What the task requires:
From the first line of the listing below, retype each line up to and including the one with "Ołówek HB z"; pictures stay out.

::: Information supplied :::

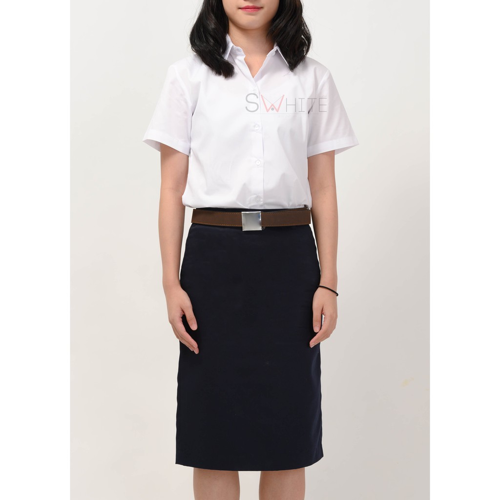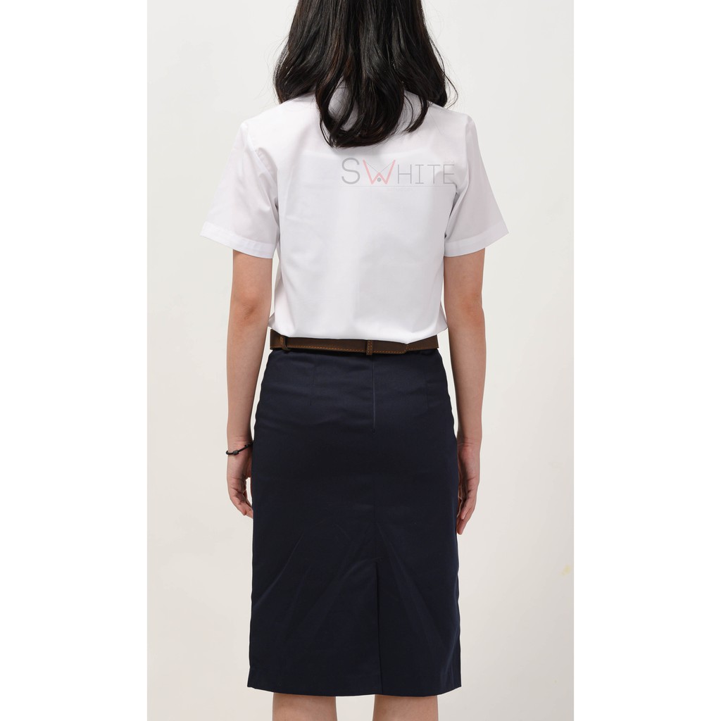 S-white [ นักศึกษา นิสิต รับปริญญา ] เสื้อพิธีการตัวตรง แขนพับหน้าว่างหลังว่าง SW-COM-13
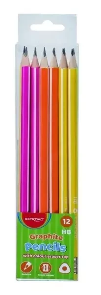 Ołówek HB z gumką trójkątny neonowy 12szt - Keyroad
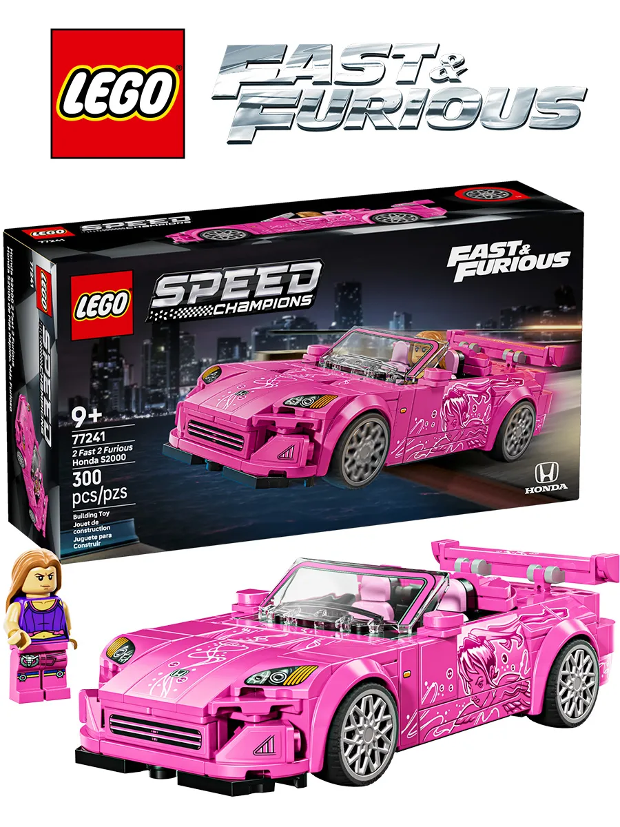 Поклонники кино, а также мальчики и девочки от 9 лет и старше могут воссоздать сцены из культового фильма «Форсаж 2» с помощью этой автомобильной игрушки LEGO Speed Champions 2 Fast 2 Furious Honda S2000 (77241). Этот ярко-розовый мини-автомобиль с откидным верхом для детей имеет аутентичные детали дизайна, как у настоящего автомобиля, на котором гоняла Сюки в знаменитом фильме.

:::

Reply:
 S-white [ นักศึกษา นิสิต รับปริญญา ] เสื้อพิธีการตัวตรง แขนพับหน้าว่างหลังว่าง SW-COM-13
 Ołówek HB z gumką trójkątny neonowy 12szt - Keyroad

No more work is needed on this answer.